The Hawaii lawmaker now in charge of finalizing the state’s budget says the draft he’s been handed is out of date and no longer relevant in light of recent world events — and he predicts the deficit will top $1.2 billion, triggering even more spending cuts and potentially bigger tax hikes.
“Two weekends ago we went through the budget and thought we were in pretty good shape,” David Ige, chairman of the Senate Ways and Means Committee, told Civil Beat. “The assumptions we made then are no longer valid. All the factors have changed dramatically because the deficit essentially will double by the time we finalize our budget compared to where the House was. At least that’s the way we’ll be approaching the budget. It certainly is a bigger challenge.”
Ige is estimating the state’s shortfall will increase by another $250 million — that’s on top of the $250 million gap revealed recently when the Council on Revenues downgraded its revenue forecast for the current year, prompting Ige’s reference to deficit doubling.
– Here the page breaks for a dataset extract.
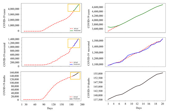 Here we discuss the prediction accuracy of the proposed method. The final fuzzy-rule based classification depended on death rate, case rate, and recovery rate. The suitable model chosen for each country was trained to predict these three values. We calculated root-mean-square error (RMSE) on the validation data to evaluate the methods. We compared using baseline algorithms such as linear regression, lasso linear regression, ridge regression. A single model was used to predict the values of all the countries. It is observed that such methods performed very poorly due to the small dataset. We also compared the method with some advanced neural networks such as a variation of LSTM combined with a fully convolutional network [55], a variation of residual RNN [56], and GRU [57]. It is also noted that very deep networks also failed to predict accurately using such a small dataset. Bayesian optimized shallow GRU performs closer to our method. The results are summarized in Table 3. Example results on USA trend prediction are shown in Figure 9 for numbers of active cases, recovered cases and deaths.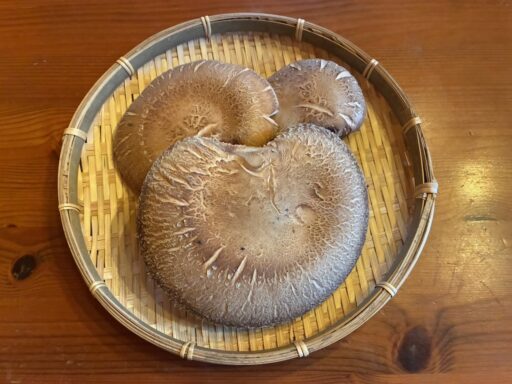 伐倒師匠に採れたばかりの立派な椎茸をいただきました。春に採れる椎茸は白っぽいそうです。

Ige said the council’s lowered projection — to just 0.5 percent growth from 3 percent growth — is still too optimistic.
“That in and of itself resulted in another $250 million more for the deficit,” he said, referring to the council’s report. “We’re expecting another $250 million or more deficit that will become obvious in light of the earthquake. That would mean another $500 million or so that we’ll have to prepare for because I’m certain in just my looking at the current revenues that have come in for the last four months and trying to make even a simple straight-line projection, it’s obvious that the council’s projection is too optimistic.”
The council’s revision came just hours before the Japan earthquake struck, causing a tsunami that damaged parts of Hawaii. The downgraded forecast also meant the state’s deficit swelled to about $969 million for this year and 2012 and 2013. If Ige’s estimate holds true, the state’s shortfall would be more than $1.2 billion.
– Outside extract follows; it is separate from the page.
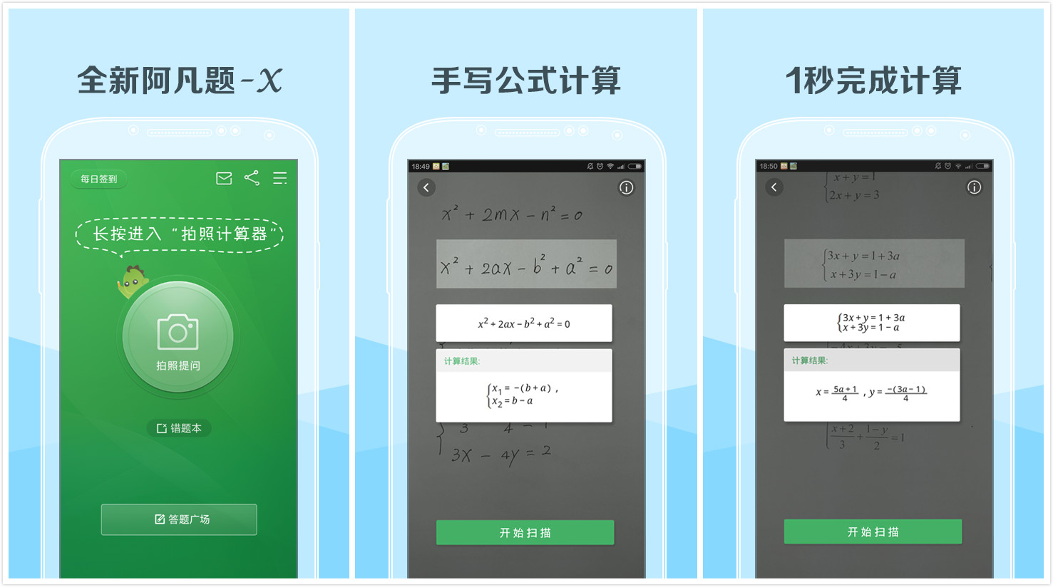 阿凡題是專注K12領(lǐng)域的拍照答題類App,用戶拍下題目并上傳,幾秒鐘之內(nèi)服務(wù)器就能從題庫中搜到解題步驟和答案,國內(nèi)同類產(chǎn)品還有學(xué)霸君、學(xué)習(xí)寶、小猿搜題等。新發(fā)布的阿凡題-X則將自己定義為一款“拍照計(jì)算器App”(國外同類產(chǎn)品還有Myscript和Photomath),支持手寫公式識別,可以完成加減乘除的基本運(yùn)算、解一元一次方程、一元二次方程和二元一次方程組。這意味著,用戶可以用阿凡題-X拍攝以上方程的任何變形,無論手寫體還是印刷體,應(yīng)用都可以在1秒鐘左右給出解題步驟和答案。“阿凡題-X”今天作為一款獨(dú)立App在應(yīng)用商店上線,但其功能也會被嵌入原搜題App“阿凡題學(xué)習(xí)神器“中。

The House approved its version of a budget plan that called for $10.9 billion in spending in both 2012 and 2013, sending it over to Ige’s Senate Ways and Means Committee. While that draft did slash close to $400 million in spending that Gov. Neil Abercrombie had proposed, the House did not factor in the lowered revenue projection by the Council on Revenues.
Enter the tsunami. The wave caused tens of millions of dollars in damage to public and private property in Hawaii. Tourism from Japan — which makes up nearly 20 percent of the market — is expected to nosedive.
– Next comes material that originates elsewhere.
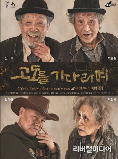 [리버럴미디어=공소리 기자] 고양문화재단(이사장 이동환)은 노벨문학상 수상 작가 사무엘 베케트의 ‘고도를 기다리며’를 오는 4월 5일과 6일 양일간 고양아람누리 아람극장에서 선보인다. 이번 작품에는 신구, 박근형, 박정자, 김학철 등 도합 228년의 연기 내공을 가진 대배우들이 총출동하여 작년 2023년 12월 시작 전부터 화제를 모았던 작품이다.

As a result, the Senate is taking a closer look at all spending proposals from the Abercrombie administration, Ige said, and looking for more areas to curb state spending.
“We’re revisiting all the governor’s adds and asking if it’s really necessary and looking at more cuts because that just has to happen,” Ige said.
On the revenue-generating side, Ige said the Senate will consider about two dozen House bills designed to raise about $300 million a year. These include familiar proposals including taxing pension income, eliminating state income tax deductions and raiding the Hawaii Hurricane Relief Fund. He hinted that some of the tax hikes may be broadened to raise more money.
“We do have the revenue enhancements that the House sent over,” Ige said. “We had examined a couple of them — eliminating the tax deduction for state income taxes, the issue of taxing pensions. Clearly we’ll be looking at those things. There will probably be very different decisions we’ll have to make now that the deficit is significantly bigger.”